Зятек на миг задумался, глаза его невидяще остановились на пустоте. Сейчас он был дома, наблюдательно рассматривал Машу, придирчиво копался в памяти.

— Ну и что? — угадав его мысли, спросил Фролов.

— А черт ее знает, Федя, — с веселой досадой отмахнулся зятек. — Бывает, обе ноги вытянет, а то по одной. Но точно знаю: ест она хорошо. Будь здоров. Баба крепкая. Все ест.

— Добрая примета, — крякнул Ушаков.

— Но Маша и раньше, когда Тоню и Катю рожала, на аппетит не жаловалась. — Зятька одолевали сомнения.

— Ничего, Гена, ничего, — успокаивала его старая теща. — Сынка принесет — хорошо, а дочку — тоже неплохо. Все одно родные детишки. А у кого детей много, тот богом не забыт.

Слова эти зятьку, видно, не понравились, звучал в них, как уловил Фролов, призыв к смирению, к капитуляции.

— А что же вас бог не пожалел: кроме Маши, всех под сруб? Четырех сыновей. Вот те, мамань, и бог, — выпалил зятек. Его слова ранили Фролова. Он опять почувствовал себя скульптором, нездешним, чужим человеком, виноватым перед этими людьми. Он резко встал, и движение это прервало разговор.

— Начнем? — сказал он, взглянув на зятька.

— Давай. Мы им сейчас… — Зятек воинственно засучил рукава.

— Мать, ты не толклась бы. Затей-ка лучше обед хороший, — посоветовал старухе Кирилл Захарович.

…Фролов снизу вверх взмахивал штукатурной лопаткой, с силой вшлепывал раствор в стену. Разлетались серые брызги, тяжелыми мухами липли к лицу, рукам и груди. Точно хирург, Фролов то и дело менял инструмент: соколом ровнял грунт, квадратной теркой делал по нему быстрые круговые движения, широкой, с резиновым дном гладилкой нежно, слегка касаясь, ласкал стену. Зятек едва успевал подтаскивать со двора раствор. Стены на глазах одевались в строгую прочную одежду.

Убедившись, что все идет как надо, Ушаков давно ушел в горницу и стучал там молотком, настилая плинтуса.

Когда сели обедать, Фролов ощутил острый аппетит. Стол, дощатый, временный, стоял на старом дворе, у плетня, в тени и затишье. Душистые щи были разлиты по тарелкам. Пахло укропом, чесноком, свежим хлебом. Стояла деревянная чашка со сметаной, на блюдце сочились ломтики редьки, из стеклянной вазы круглился ворох сырых яиц. На краю стола, куда сел зятек, прижалась бутылка «Российской».

— Эх, здравствуйте, мои рюмочки, стаканчики, каково поживали, меня поджидали?! — Зятек раскинул над столом руки, приветствуя вино и закуску. Потом наполнил рюмки. — Маманя у нас непьющая, а папаню заставим… для аппетита.

— Не тратить бы сено козлу, Гена, — отмахнулся Ушаков. — Аппетит при мне… Работа — лучший приварок. Поработаешь — поешь.

— Одну. За знакомство, — настаивал зятек. — Федь, знакомься. Это Кирилл Захарыч, тесть мой. А это Евдокия Власовна, теща. Мамань, да подойди к столу-то…

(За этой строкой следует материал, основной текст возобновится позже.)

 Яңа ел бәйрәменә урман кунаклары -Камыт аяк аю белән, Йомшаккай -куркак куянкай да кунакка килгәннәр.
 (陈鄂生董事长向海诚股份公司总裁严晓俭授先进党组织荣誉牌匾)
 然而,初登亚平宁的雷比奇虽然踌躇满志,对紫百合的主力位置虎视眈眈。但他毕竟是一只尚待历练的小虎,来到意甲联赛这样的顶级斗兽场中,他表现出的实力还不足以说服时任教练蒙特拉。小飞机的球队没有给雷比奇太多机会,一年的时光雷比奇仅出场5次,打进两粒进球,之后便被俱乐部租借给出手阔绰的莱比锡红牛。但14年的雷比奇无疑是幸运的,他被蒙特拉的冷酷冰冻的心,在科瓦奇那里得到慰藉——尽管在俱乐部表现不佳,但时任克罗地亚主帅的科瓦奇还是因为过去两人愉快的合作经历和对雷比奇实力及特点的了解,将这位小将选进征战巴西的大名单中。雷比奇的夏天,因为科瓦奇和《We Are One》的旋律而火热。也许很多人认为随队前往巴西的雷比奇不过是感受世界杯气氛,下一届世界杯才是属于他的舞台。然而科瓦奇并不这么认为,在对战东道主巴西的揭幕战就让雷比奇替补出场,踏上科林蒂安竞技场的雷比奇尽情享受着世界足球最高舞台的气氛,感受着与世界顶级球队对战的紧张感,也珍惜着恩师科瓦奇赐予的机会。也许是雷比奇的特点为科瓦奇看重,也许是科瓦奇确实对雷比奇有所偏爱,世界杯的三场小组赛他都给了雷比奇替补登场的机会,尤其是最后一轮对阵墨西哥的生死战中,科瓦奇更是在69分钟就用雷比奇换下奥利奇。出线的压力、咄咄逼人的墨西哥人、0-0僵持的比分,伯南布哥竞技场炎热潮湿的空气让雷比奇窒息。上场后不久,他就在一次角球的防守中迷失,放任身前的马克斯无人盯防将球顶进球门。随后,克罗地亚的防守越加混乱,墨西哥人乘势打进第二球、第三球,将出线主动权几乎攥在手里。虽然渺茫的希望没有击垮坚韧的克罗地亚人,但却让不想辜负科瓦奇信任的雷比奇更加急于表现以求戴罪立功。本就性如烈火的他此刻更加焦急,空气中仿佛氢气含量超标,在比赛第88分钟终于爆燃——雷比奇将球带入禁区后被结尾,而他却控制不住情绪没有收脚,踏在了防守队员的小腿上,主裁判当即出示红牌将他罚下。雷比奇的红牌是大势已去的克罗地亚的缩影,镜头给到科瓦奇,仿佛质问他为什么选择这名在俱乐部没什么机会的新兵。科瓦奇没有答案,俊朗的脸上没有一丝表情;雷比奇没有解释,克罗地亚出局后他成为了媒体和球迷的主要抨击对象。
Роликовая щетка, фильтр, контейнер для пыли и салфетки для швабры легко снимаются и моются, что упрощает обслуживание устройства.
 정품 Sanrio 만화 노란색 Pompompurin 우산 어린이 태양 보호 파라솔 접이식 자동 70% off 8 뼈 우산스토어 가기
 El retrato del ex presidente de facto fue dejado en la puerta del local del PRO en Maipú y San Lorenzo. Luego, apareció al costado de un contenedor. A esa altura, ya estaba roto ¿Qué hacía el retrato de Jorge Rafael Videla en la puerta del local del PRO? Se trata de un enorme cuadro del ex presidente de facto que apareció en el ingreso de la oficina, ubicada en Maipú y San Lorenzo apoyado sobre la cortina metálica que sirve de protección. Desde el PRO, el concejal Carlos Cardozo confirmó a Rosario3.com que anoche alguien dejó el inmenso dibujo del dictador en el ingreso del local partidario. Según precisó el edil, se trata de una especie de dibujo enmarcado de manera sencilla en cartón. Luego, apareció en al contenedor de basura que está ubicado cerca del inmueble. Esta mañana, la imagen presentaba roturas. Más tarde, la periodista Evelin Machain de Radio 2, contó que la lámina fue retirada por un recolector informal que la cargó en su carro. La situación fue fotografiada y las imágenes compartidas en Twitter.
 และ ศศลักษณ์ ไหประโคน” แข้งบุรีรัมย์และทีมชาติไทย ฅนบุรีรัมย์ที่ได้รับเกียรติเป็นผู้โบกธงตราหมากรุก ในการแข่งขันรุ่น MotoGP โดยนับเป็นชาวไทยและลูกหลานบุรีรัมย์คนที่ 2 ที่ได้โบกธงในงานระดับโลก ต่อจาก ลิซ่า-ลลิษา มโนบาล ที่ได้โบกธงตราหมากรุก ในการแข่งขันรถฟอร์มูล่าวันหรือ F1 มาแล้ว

— А вы не ждите угощения. Хлеб-соль на столе, а руки свои. — Бросив какую-то работу, Власовна подошла к мужчинам. — Чем богаты, тем и рады. А мне не к спеху. Я посля.

Власовна заботливо оглядела стол, все ли подала, и опять засуетилась по двору. Согнутая в три погибели, она была еще крепка и подвижна. Казалось, что пригнулась она однажды, чтобы не задеть чего-то головой, да позабыла потом распрямиться.

— Ну ладно. Нам больше достанется, — шутнул зятек и поднял рюмку, — хотя я, сказать, не особый любитель водочки. Для меня она хоть будь, хоть век не выводись…

Кирилл Захарович выпил последним, не торопясь, деловито поднес к ноздрям корку хлеба и обернулся к зятьку:

— Послухаешь тя, Гена, — гиблый пьяница. Болтать здоров. А за пятнадцать лет я, почитай, ни разу те сурьезно хмельным вроде б и не видывал. Бог миловал пока.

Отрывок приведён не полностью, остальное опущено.